Gabriel havia levantado a voz a uma altura que dava a impressão que ele estava dando um sermão em Jorge. Aaron entrou na sala com a afeição muito parecida com a de Jorge, abanando o longo rabo devagar e se deitando no sofá próximo a Jorge que olhava para Gabriel como se o analisasse:
- Você está dizendo isso para mim ou para você? – Perguntou Jorge numa voz rouca e calma.
Gabriel ficou ali parado, tentando interpretar a pergunta de várias outras formas sem ser a única a qual ele tinha entendido.
- Para nós dois! – Disse tentando não perder a pose – Três! – Gritou erguendo o dedo.
- Você quer sexo comigo?
- Lógico – Disse Gabriel sem nem pensar
- Você quer sexo com o Mike?
- ...também – Disse Gabriel com medo de suas certezas.
O silêncio de Jorge pareceu ser sua mais fiel arma contra qualquer argumento que Gabriel pudesse vir a ter.
- Sabe o que eu acho?
- Hã? - Perguntou Gabriel incerto.
- Eu acho que Mike te fez umas perguntas que te deixaram confuso... – Disse Jorge estendendo a mão para Gabriel que pensou antes de aceitar.
- Aham... – Concordou Gabriel sentando no colo de Jorge abaixando a voz.
- E sabe o que mais? – Jorge falava tão baixo que Gabriel só conseguia ouvir porque estava com a cabeça bem próxima ao ouvido de Jorge.
- Oi? – Perguntou Gabriel falando mais baixo que Jorge.

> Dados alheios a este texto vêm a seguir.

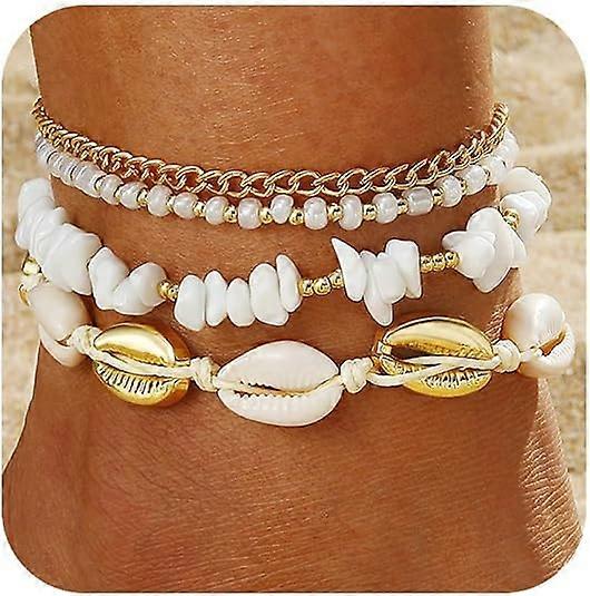 Women's Shell Anklet Set, Adjustable Anklet, Hawaiian Beach Shell Jewelry Gift

- Acho que você não precisa pensar nisso agora...
- É...
- Vamos mudar de assunto então? – Propôs Jorge colocando as mãos sobre o rosto e deslizando os dedos sobre os cabelos, tentando parecer mais acordado.
- Claro – Concordou Gabriel um pouco mais animado
- Me diga, do que você e o Mike estavam falando?
- Ah, algumas coisas só.... Nada importante... é.... Falamos de Religião, tatuagens, família, humanidade, do câncer um pouco é isso...
Algo nos tópicos que Gabriel acabara de falar chamou a atenção de Jorge, que fazia uma cara séria
- O que que vocês falaram sobre a família – Perguntou Jorge sério, calmo com a voz grossa de sempre.
- Na verdade não chegamos a falar da família dele, falamos mais da minha... por quê?
Jorge respirou fundo, desviou o olhar de Gabriel que agora parecia curioso, sabia que seria inútil trocar de assunto, pois Gabriel o perturbaria o dia todo.
- Mike nunca teve uma boa relação com a família. Ficou sem falar com eles por anos.
- Como assim, o que aconteceu? - Gabriel agora exalava preocupação.
- Ele me contou a anos atrás, eu percebi que isso o fazia mal e não fiz mais perguntas... eu lembro que ele disse que eles eram de uma religião muito severa, não o aceitaram, bateram, enfim, ele veio para a cidade... nos conhecemos uns meses depois...
- Meu Deus.... Eu... eu... não sabia...
- Ele evita falar disso... Mas eu acho que sei para onde ele foi... se é que você me entende...
- Eu também acho que existe alguma coisa relacionada...
- Sabe, qualquer informação que precisa chegar até mim, vai chegar, eu evito ficar atrás sabe, sempre chega...
Gabriel decidiu não tomar isso como uma indireta, “será que Jorge sabia? ”
- E como é que você acha que foi lá? Ou por que agora? – Gabriel parecia cada vez mais interessado no que Jorge dizia.
- Eu não sei.... Não sei se você reparou, mas a mão dele estava machucada no dia do incidente com a mesa.
- Você acha que... que Mike brigou com alguém? – Disse Gabriel num tom mais baixo, tentando olhar para a porta onde estava.
- Bom, não seria a primeira vez...- Gabriel ficou boquiaberto com o que acabara de ouvir – Mike é uma pessoa brilhante sabe? Meigo, carinhoso, inteligente, mas... ele tende a ficar um pouco...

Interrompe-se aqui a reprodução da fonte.